Clinical Trial Details
— Status: Completed
Administrative data
| NCT number |
NCT04103489 |
| Other study ID # |
IRB00193549 |
| Secondary ID |
1K12HD085845-01 |
| Status |
Completed |
| Phase |
Phase 1
|
| First received |
|
| Last updated |
|
| Start date |
February 23, 2021 |
| Est. completion date |
September 4, 2023 |
Study information
| Verified date |
November 2023 |
| Source |
Johns Hopkins University |
| Contact |
n/a |
| Is FDA regulated |
No |
| Health authority |
|
| Study type |
Interventional
|
Clinical Trial Summary
This research study is being performed to see if women diagnosed with early preterm
Hemolysis, Elevated Liver Enzymes, Low Platelets (HELLP) syndrome (estimated gestational ages
of 23-30 weeks) benefit from a medication called eculizumab (ECU). This drug blocks a part of
the immune system called complement. By blocking this part of the immune system, eculizumab
may stop or reverse the progression of the HELLP syndrome disease. The investigators will
also look to see if this drug is effective and benefits both the mother and fetus.
Description:
Preeclampsia is a devastating multisystem disorder of pregnancy that manifests as
hypertension with or without proteinuria and/or end organ damage caused by endothelial
dysfunction and occurs in 3-5% of all pregnancies. Notably, preeclampsia accounts for 30% of
all preterm deliveries, which results in neonatal intensive care unit admissions, increased
health care cost, severe neonatal morbidity, and neonatal mortality. HELLP (hemolysis,
elevated liver enzymes, and low platelets) syndrome is the most severe variant of this
disorder, and affects approximately 0.1-0.2% of all pregnancies. Despite its prevalence, the
cellular biology of HELLP syndrome is unclear resulting in supportive treatment regimens like
fetal monitoring, steroids for fetal lung maturity, magnesium for seizure prophylaxis,
management of hypertension and ultimately delivery that results in iatrogenic preterm birth.

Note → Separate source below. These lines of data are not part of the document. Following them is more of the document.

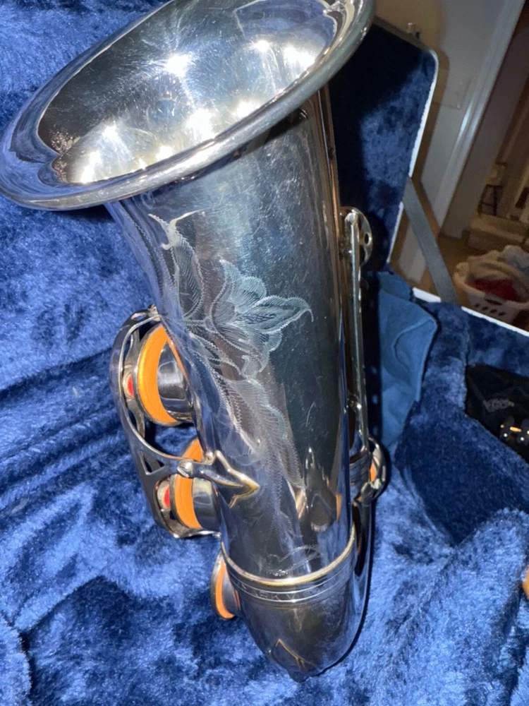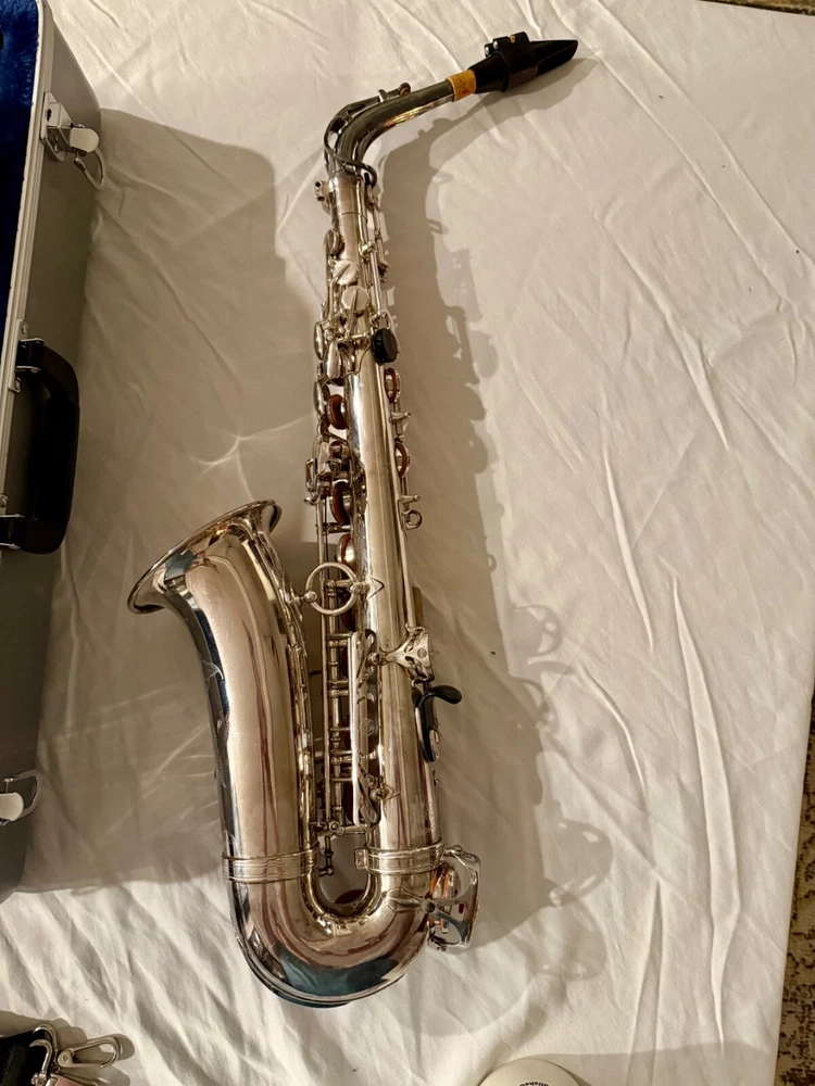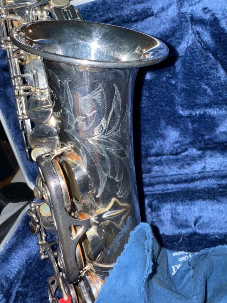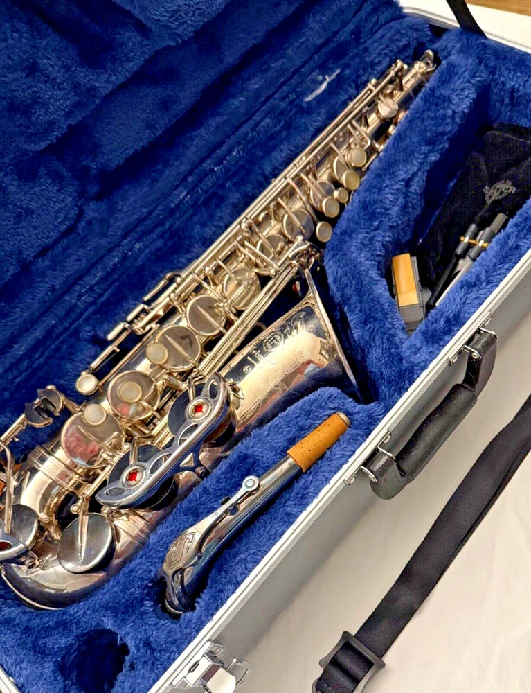 This is a beautiful instrument and the saxophone of my dreams! Henri Selmer Paris Mark VI Alto Saxophone, Rare Original Silver Plated, 1974 Model 22xxxx, one of the last ones of it's kind as Selmer switched to production of the Mark VII in the same year. This is sometimes called the "Conservatory Model" featuring 5 extra keys: high F#, G# trill key, forked Eb and high E trill key. Pads, felts, springs, and cork overhauled with a deep cleaning in 2019 when I purchased it from a fine instrument dealer. It has been played less than an hour since then. All pads seal well and springs function appropriately. Most of the original silver plate is intact with brass showing at playing wear locations. Some tarnish is present on the silver, especially on the neck. It is accompanied by a new Selmer S80 C Star mouthpiece, leather ligature, and padded strap. The original case was in tatters when I acquired it and was beyond repair so I replaced it with a hard-sided modern molded case for protection. An almost full pack of Van Doren size 3 reeds is included as well polishing and cleaning items.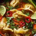 This cozy Thai potsticker soup features tender dumplings in a fragrant coconut-lime broth, infused with red curry, lemongrass, and fresh herbs for a warming, flavorful meal ready in under 30 minutes.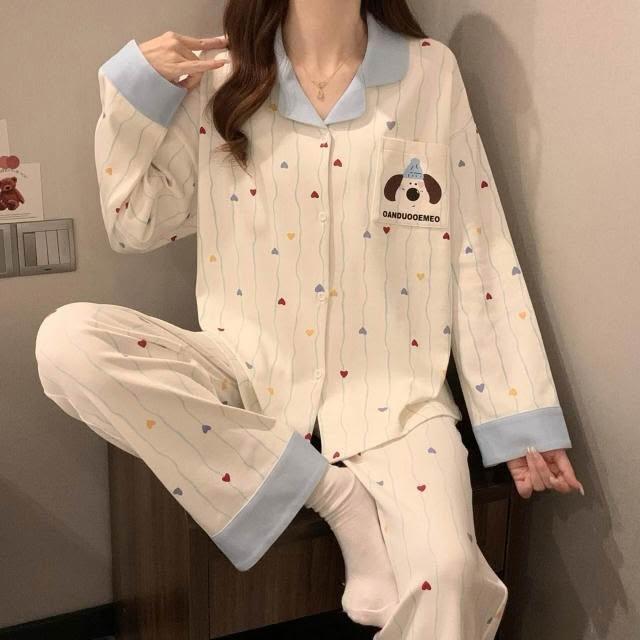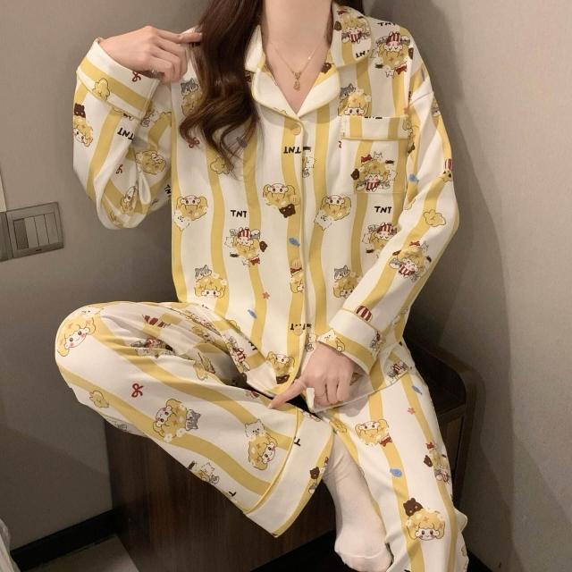 新品 含發票 奶油黃小熊睡衣女款春秋季長袖可愛卡通家居服2026年新款兩件套裝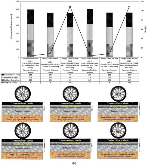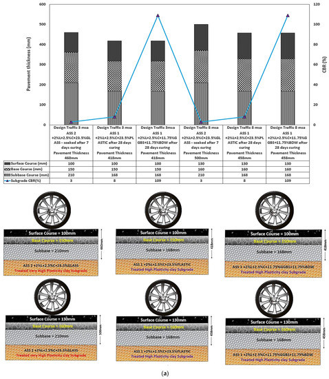 - Amakye, S.Y.O.; Abbey, S.J.; Booth, C.A.; Oti, J. Road Pavement Thickness and Construction Depth Optimization Using Treated and Untreated Artificially-Synthesized Clay Road Subgrade Materials with Varying Plasticity Index. Materials 2022, 15, 2773. [Google Scholar] [CrossRef]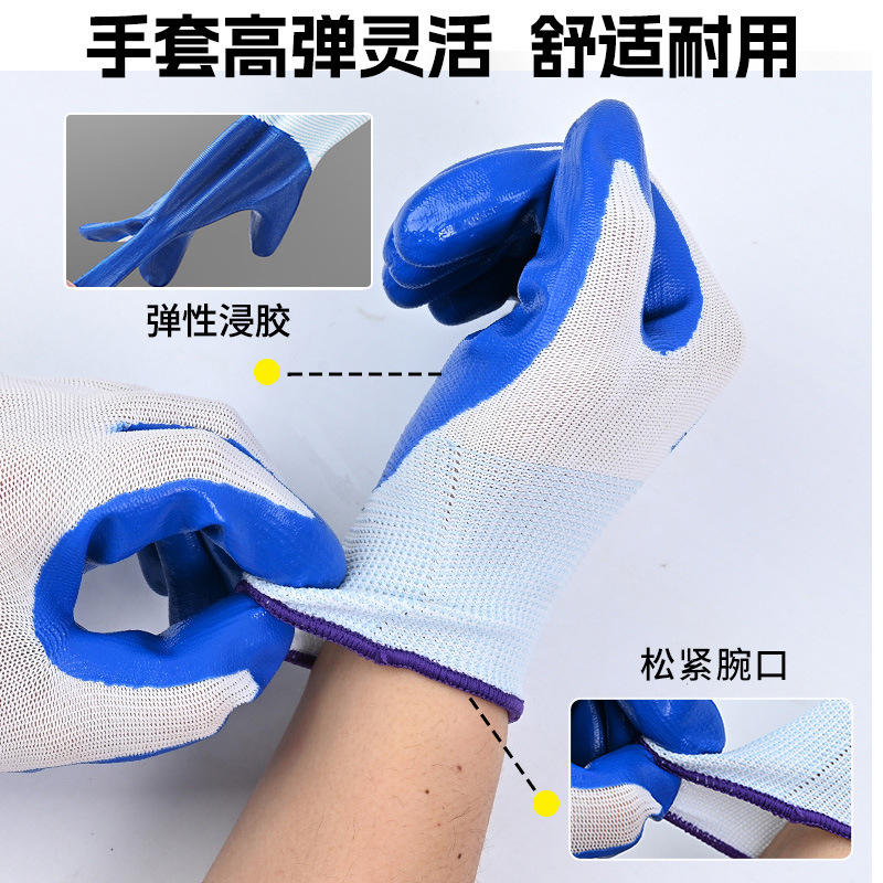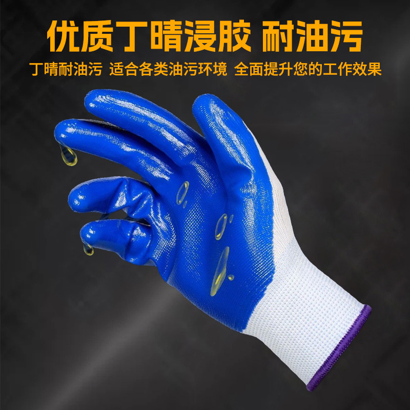 劳保手套丁晴橡胶浸胶加厚耐磨防滑防油工地车间干活防护多功能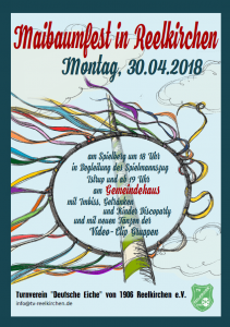 und den Baum aufrichten. Dort erwarten Euch, Eure Nachbarn und Freunde neben der schönen Tradition des Maibaumschmückens einige neue Highlights, wie ein beaufsichtigter Tobe- und Spielbereich, die vorbereiteten Tänze der Videoclip-Gruppen und eine Kinderdisco. Dafür dürfen sich die Kids ruhig auch nach dem Motto „Mama leiht mir ihren Lippenstift“ oder „Echte Kerle tragen Haargel“ zuhause einmal richtig aufbrezeln. Wir freuen uns, wenn Ihr bei einem Getränk entspannt den Abend mit uns genießt und die schönen alten Bräuche des Maifestes in unserem Dorf mit uns weiterführt.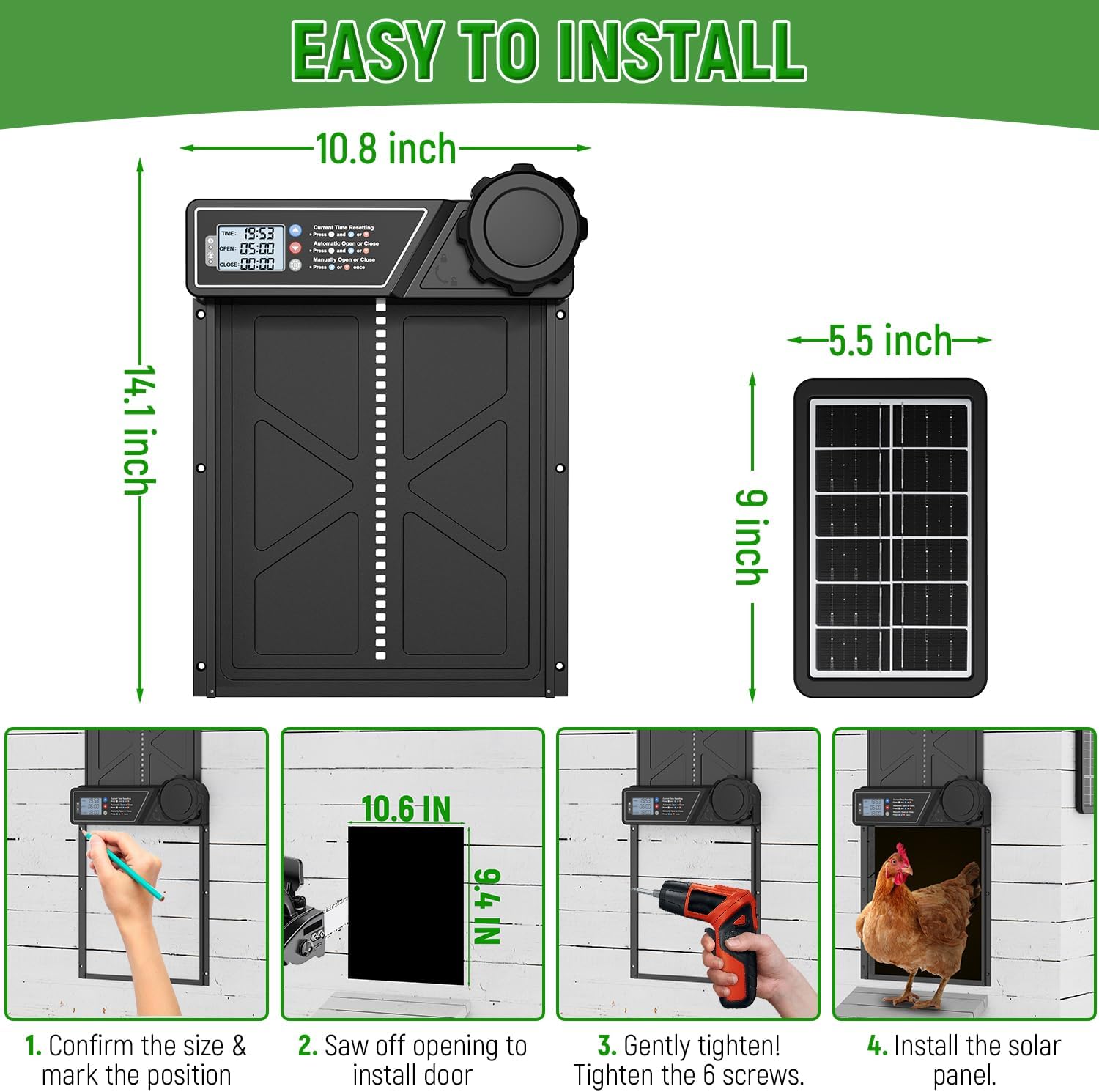 | Included Components | 1× Chicken Coop Door, 1× Solar Panel, 1× USB-C Charge Cable, 1× Screwdriver and 8 Screws |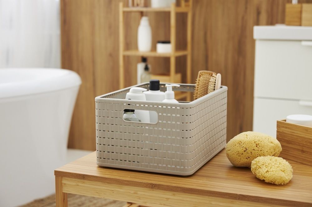 Plastikowe pudełko do przechowywania A4 w stylu rattanu ma wiele zastosowań w całym domu.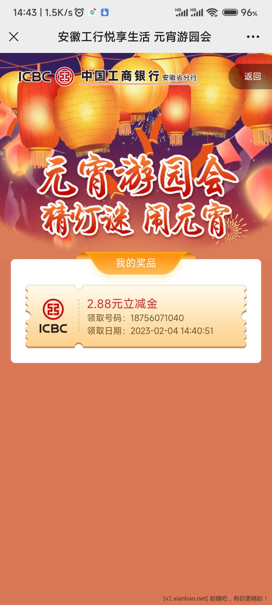 工行安徽公众号简单答题抽奖,实测2-2立减金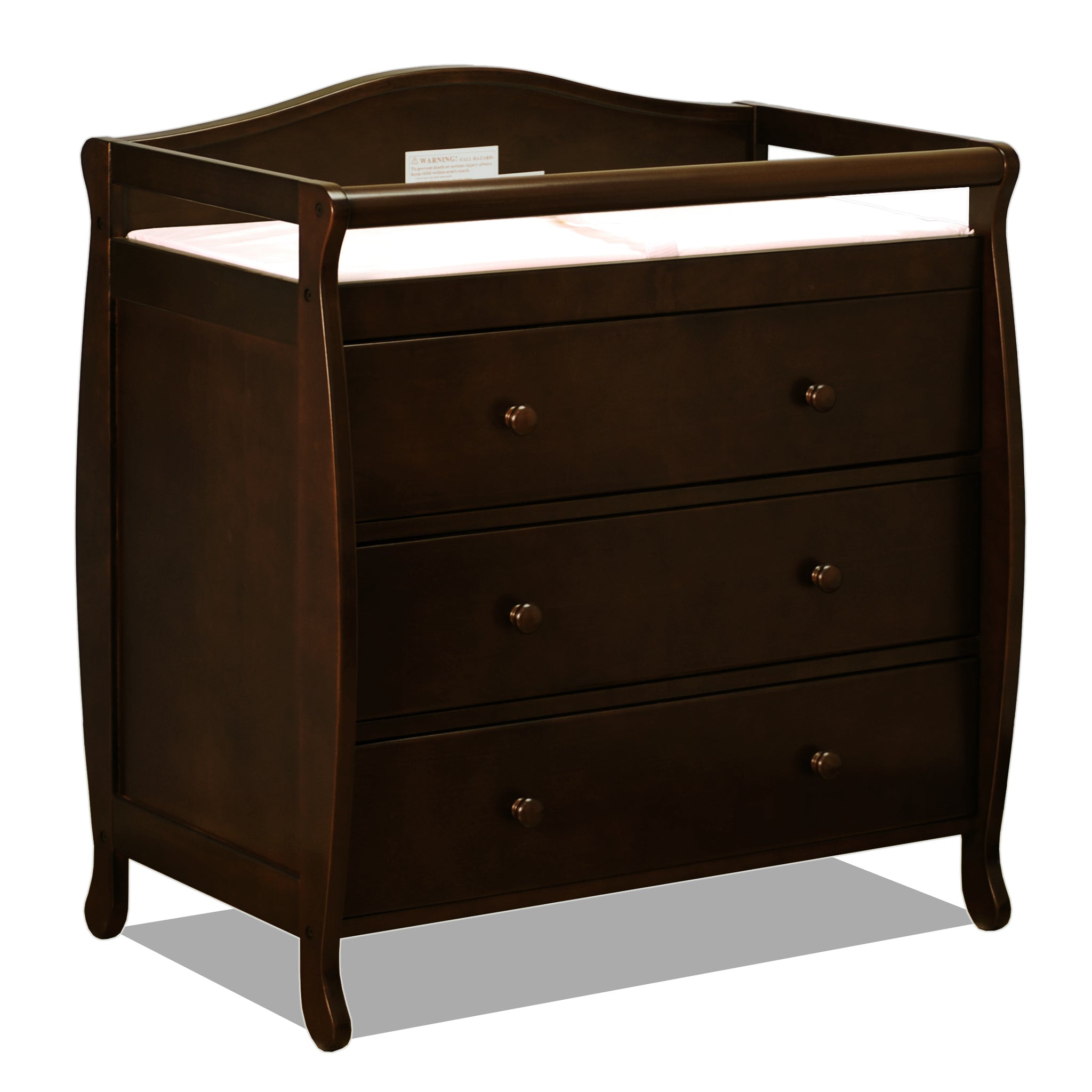 The handsome craftsmanship and solid hardwood construction of the Grace 3-Drawer Changer provides three drawers that are deep enough to hold blankets and other needs which glide smoothly over metal runners. Sleigh style cues across the changer allow it to easily pair with other pieces in the Athena collection. A dual function changer provides ease of use, a mini chest and a changing tabletop. Changing pad sold separately.

Complement is an enzymatic cascade of approximately 50 proteins which are activated by the
classic pathway of complement, the lectin pathway of complement, and the alternative pathway
of complement (APC). While the classic pathway depends on antigen-antibody complexes (i.e.,
lupus) for activation, the APC is antibody independent and has various triggers including
infection, trauma, and pregnancy.
The investigators' research lab created a novel functional assay, the modified Ham (mHam)
assay, to diagnose highly morbid diseases of the APC such atypical hemolytic uremic syndrome
(aHUS). Because of the phenotypic similarities of aHUS and HELLP syndrome the investigators'
lab undertook a study to test women diagnosed with complete (classic) HELLP and partial
(atypical) HELLP syndrome established by Tennessee and American College of Obstetrics and
Gynecology (ACOG) criteria to observe if there was dysregulation and overactivation of the
APC. The investigators found that most women with HELLP syndrome have APC upregulation;
furthermore, it could be inhibited in vitro with anti-C5 monoclonal antibody. In addition,
the investigators recently showed approximately 50% of women with HELLP syndrome have
germline mutations associated with regulatory proteins of the APC 12. These are the same
mutations associated with aHUS; further, 4 of the 5 women with germline mutations are
positive by the mHam assay correlating genotype to phenotype. With the investigators' current
data that HELLP syndrome is similar to aHUS, the investigators propose an open label clinical
trial of ECU administration to women with HELLP syndrome at 23-30 weeks gestation.